MOJA TRUDNA WALKA Z RAKIEM…

MOJA TRUDNA WALKA Z RAKIEM…

 

 

Nazywam się Łukasz Brach. Jestem osobą chorą na mięsaka. Moja sytuacja w tej chwili nie jest najlepsza, ani materialnie, ani finansowo, ani przyszłościowo. Ten list w zasadzie jest apelem, cichym wołaniem o pomoc…

Moja choroba zaczęła się już dwa lata temu, gdy zaczęły boleć mnie plecy, ale myślałem, że to po prostu zwykły ból kręgosłupa, przecież ciężko pracowałem całymi dniami na budowie. Początkowo radziłem sobie z tabletkami przeciwbólowymi.

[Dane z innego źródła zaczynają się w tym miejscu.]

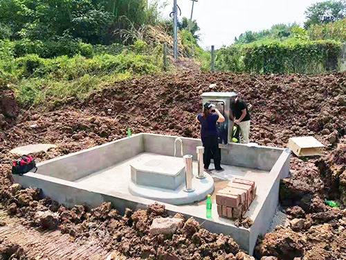 明珠泵業(yè)優(yōu)質(zhì)小型泵站實(shí)地安裝現場(chǎng),應用資中農村污水收集提升!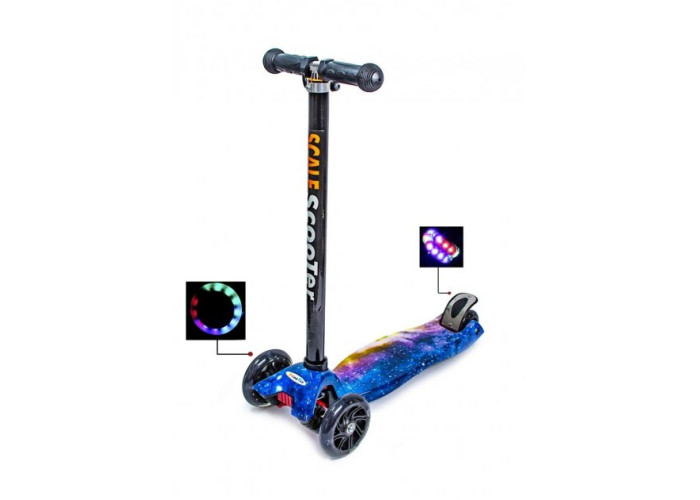 Дитячий самокат Scale Sport від SCOOTER MAXI - легкий в управлінні, маневрений, стійкий. Він дозволить дитині з радістю насолоджуватися швидкою їздою. Усі колеса при катанні світяться!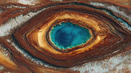 An aerial perspective showcases a vibrant mineral spring featuring concentric layers of color surrounding a central turquoise pool. The image displays earthy tones of brown, orange, and white, suggesting a geological formation. The composition and high angle imply possible uses in travel, nature, or environmental content.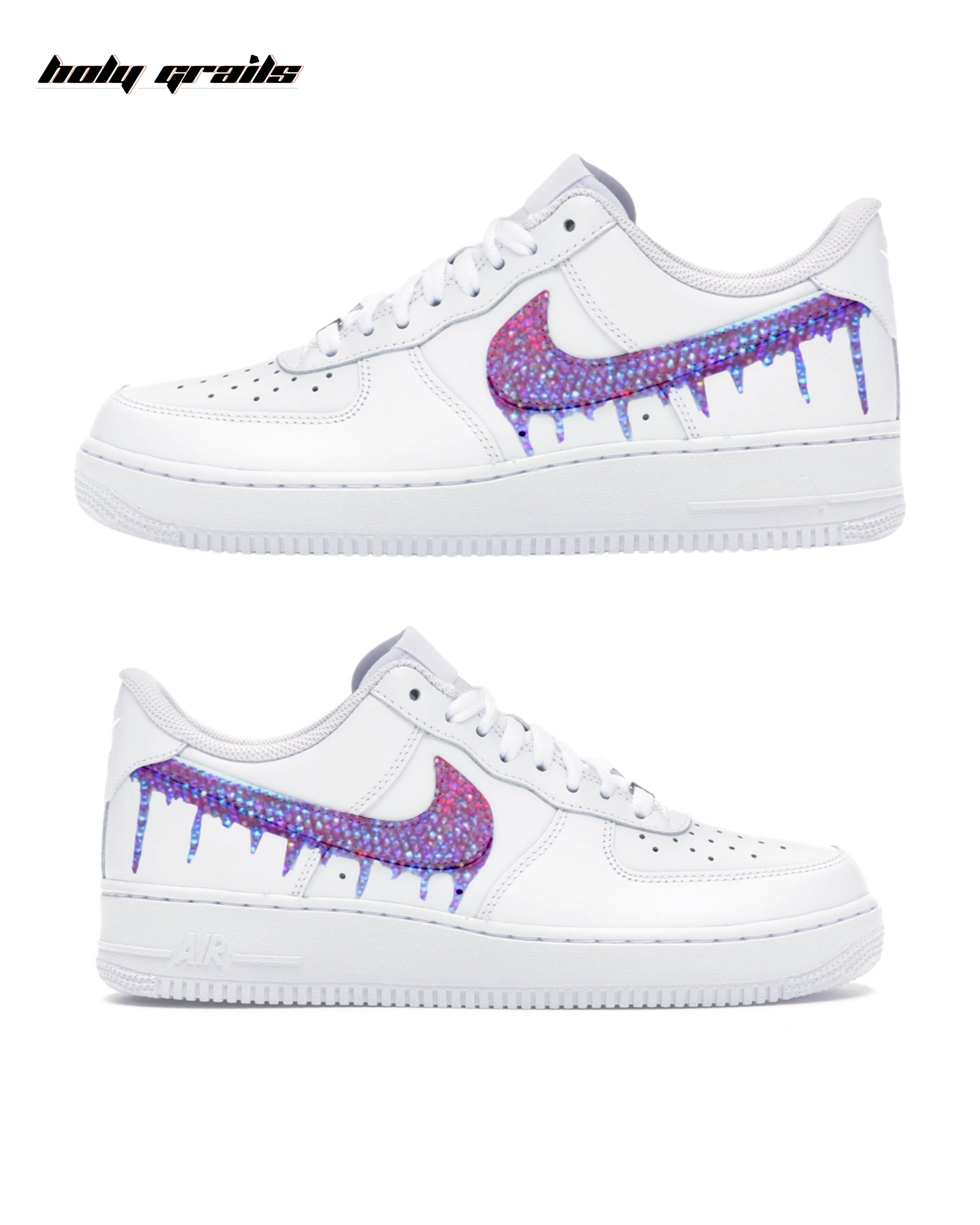 The freshest custom kicks on the block! "Slushie Swag" features a dynamic pink, purple, and blue crystal design that melts down the side of the sneaker. The ultimate icy, vibrant, and fun statement piece for those who love color. A vibrant, kinetic, and utterly unique take on the classic sneaker silhouette.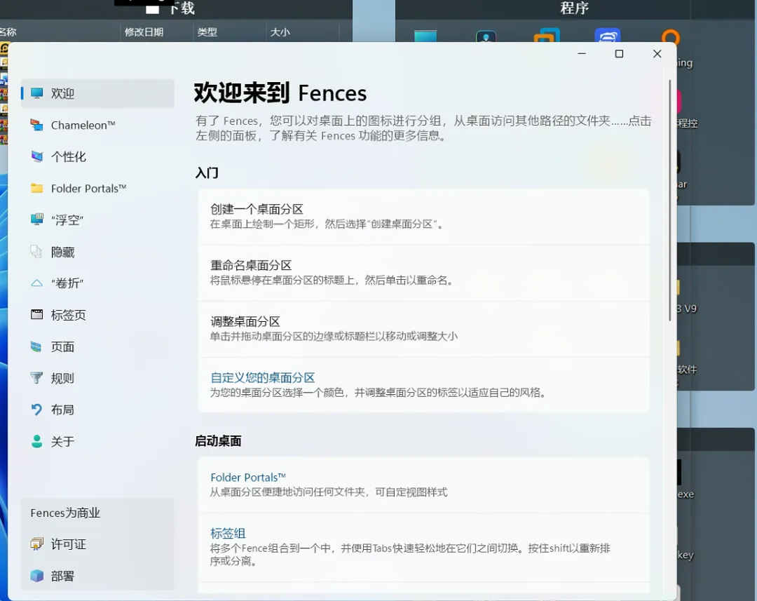 专业的 Fences 功能使得快速整理您的桌面变得轻而易举。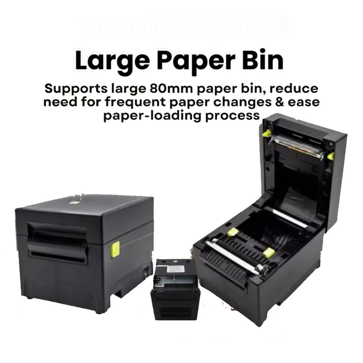 - Large paper bin capacity: The AN803 80mm Thermal Receipt Printer is equipped with an extra-large paper bin (supporting up to 80mm width paper), which can accommodate more thermal receipt paper, avoiding mid-term downtime or wasting time replenishing paper.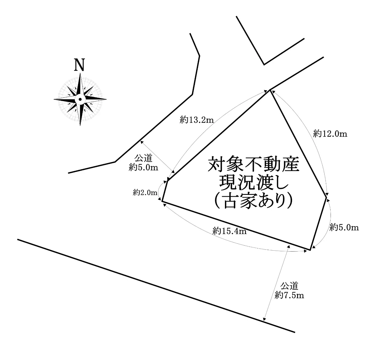 | 接道状況 | 二方道路・南西7.5m(公道)接面15.4m/北西5m(公道)接面13.2m |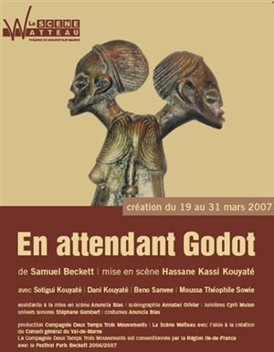 Hassane Kassi Kouyaté souligne que " les protagonistes de la pièce ne sont pas des personnages psychologiques, ni des individualités au sens classique du terme, ce sont des ombres, des figures et surtout ce sont des voix... Vladimir et Estragon ne représentent-ils pas tous ces gens qui attendent que les politiques, les financiers, Dieu ou les dieux viennent changer leur vie ?'' Pour la première fois Hassane Kassi Kouyaté met en scène son père, l'immense acteur Sotigui Kouyaté. Héritier d'une famille de griots du Burkina Faso, il a joué de nombreuses années dans la troupe de Peter Brook et participé à certains de ses plus mémorables spectacles : Le Mahabharata, La Tempête de William Shakespeare...Sotigui Kouyaté interprète le rôle d'Estragon, il est entouré de trois autres comédiens africains. La création d'En attendant Godot est présentée dans le cadre du Festival Paris-Beckett 2006/2007 qui célèbre le centième anniversaire de la naissance de l'auteur.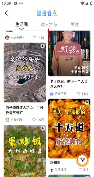 打开软件后,进入生活圈页面,浏览各类内容,点击达人推荐选项切换至对应页面。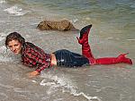 How the hack did she get that boots on her jeans? :) but one thing is sure, I like long boots with tight jeans especially if there is water in play :)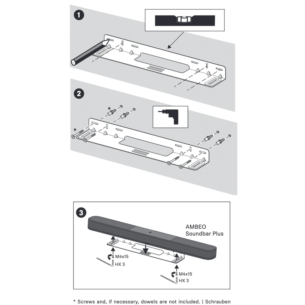 Screws for affixing the wall mount to the wall are not delivered with the soundbar, as different wall materials will require different screw types.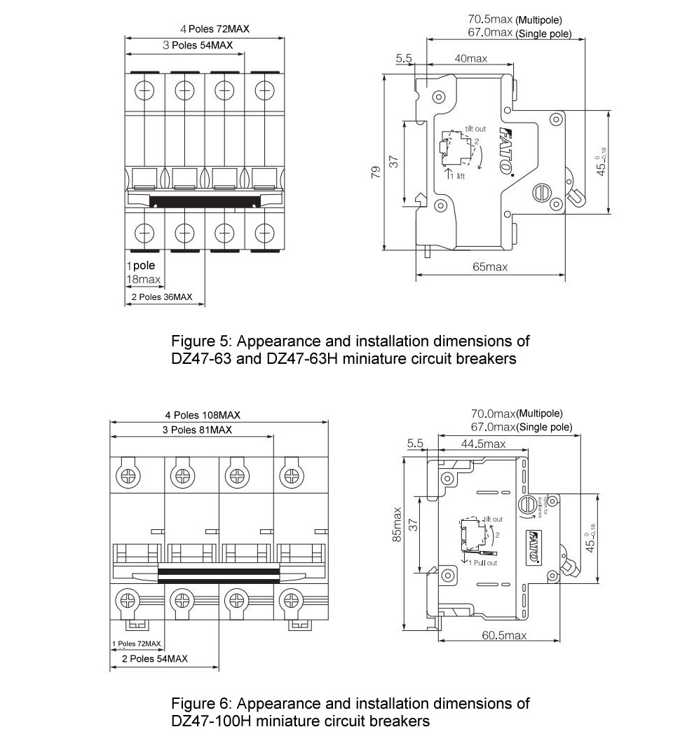 DZ47シリーズの新しいミニチュア回路ブレーカーは、AC 50Hz、定格電圧230/400V、および定格電流を最大100A以下の回路でライン、照明、および電源機器の過負荷と短絡保護に適しています。また、通常の条件下でのラインや機器のまれな切り替えにも使用できます。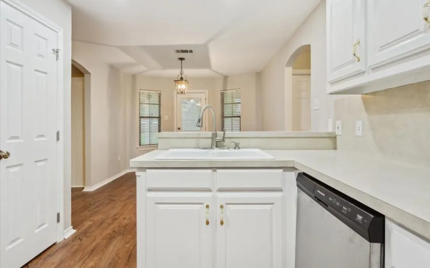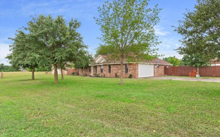 SOLD. Nestled outside the city limits of Hillsboro on 1/2 acre, this 3 bedroom, 2 bath brick home, built in 2006, is ready for a new homeowner. It’s off the main highway as you have to access it by a private drive and gate. As you walk into the home, there is an opening to the dining area to your right, or it could even be an office. The kitchen has lots of cabinets, brand new stainless steel Frigidaire appliances, a double bay cast iron sink, and pantry. The bay window in the breakfast nook looks into the back yard which is completely fenced. The primary bedroom has a walk in closet and a large ensuite bathroom which includes a separate jet tub and shower along with double vanity sink. The other two bedrooms with walk in closets are across the house with a full hall bath. The living room is spacious and has a built in TV cabinet. The home has recent updates including fresh paint. 2 Car garage. Extra large storage building in the backyard conveys.

Z czasem jednak ból stawał się coraz silniejszy, aż dostałem skierowanie od lekarza rodzinnego do ortopedy. Potem skierowanie na rezonans i wszystko szło w tempie NFZ, czyli bardzo długo.

Wszystko trwało, aż do momentu gdy przestałem samodzielnie się poruszać i na własną prośbę trafiłem do szpitala, na oddział neurologiczny. A Tam….. już wszystko potoczyło się bardzo szybko: badania, diagnoza i Centrum Onkologii w Warszawie. Początkowo wszystko szło dobrze chemioterapia, radioterapia, aż do momentu gdy zachorowałem na sepsę. Potem to już leczony byłem na OIOMie bez przytomności. Okazało się, iż moje płuca są w złym stanie, mam ropień. W związku z tym przeprowadzono operację i wykonano drenaż płuca, który mam do dzisiaj. Dalej to już tylko długi okres spędzony na oddziale…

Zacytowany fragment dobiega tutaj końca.